(ZFC)Prove that the two conditions are equivalent:
S/~≤T & T≤S
∃f (f:S↠T & ∀s1∀s2(f(s1)=f(s2)⇒s1~s2)).
My attempt: I start with the first, trying to prove the second.
- S/~ is defined as the union of all equivalent classes of the form [a]/~, such that a ∈ S. Hence S/ is the number of proper classes of S/~, such that ∪([a]/~|a∈ S).
- Since T≤S ⇒∃(f:S↠T) and f is not an injection.
Proof: Let x1 and x2 be two arbitrary elements from S. Since the number of elements of S is bigger than those in T⇒ under some condition f(x1)=f(x2).
But from AC it follows that if S/~ consists of pairwise disjoint non-empty sets, there exists at least one set C, such that it contains exactly one element in common with each of the sets in S/~. Hence ∃(g:S⤖C) and since T≤C.
But from def of proper classes, namely ∀s1∀s2(<s1,s2> ∈ S/~ ⇒ Comp~(s1,s2)⇔f(s1)=f(s2).
Not sure wether it works, so please help me.
In its current format (i.e., without assuming that range of $f$ is $T$), the second bullet point is equivalent to $|S/{\sim}|\le |T|$.
Indeed, if a function $f:S\to T$ satisfies $f(s_1)=f(s_2)\implies s_1\sim s_2$, then, using axiom of choice, choose a representative of every equivalence class by a function $u:S/{\sim}\,\to S$ that satisfies $\pi\circ u={\rm id}$ where $\pi:S\to S/{\sim}$ is the natural map $\pi(s)=[s]_\sim$.
Then the condition on $f$ implies that $f\circ u:S/{\sim}\,\to T$ is injective.
For the other direction, if $g:S/{\sim}\,\to T$ is injective, then the composition $g\circ\pi:S\to T$ satisfies the condition.
If, moreover $f$ in second bullet point is assumed to be surjective, then it also implies $|T|\le |S|$ (by taking any right inverse of $f$, which exists by the axiom of choice).

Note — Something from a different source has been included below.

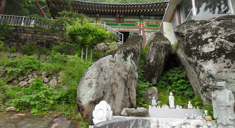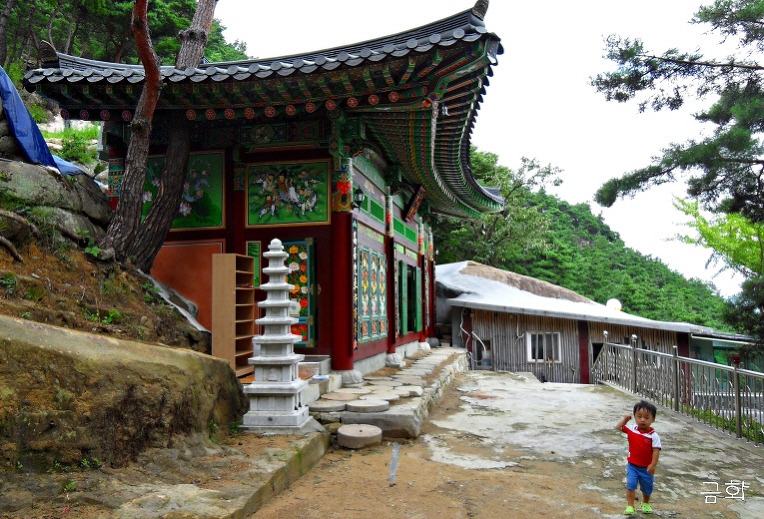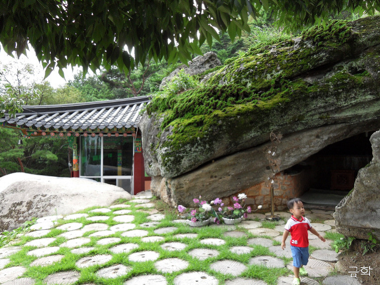 대자보전옆 석굴법당 을 지나가는 우리 지나

Finally, assuming injections $g:S/{\sim}\,\to T$ and $h:T\to S$, we can define $f$ so that
$\quad f(s)=t\quad$ if $h(t)=s$ and $t\notin{\rm range}(g)$
$\quad f(s)=g([s]_\sim)\quad$ otherwise,
then its range is $T$ by construction, and verify that it satisfies $f(s_1)=f(s_2)\implies s_1\sim s_2$.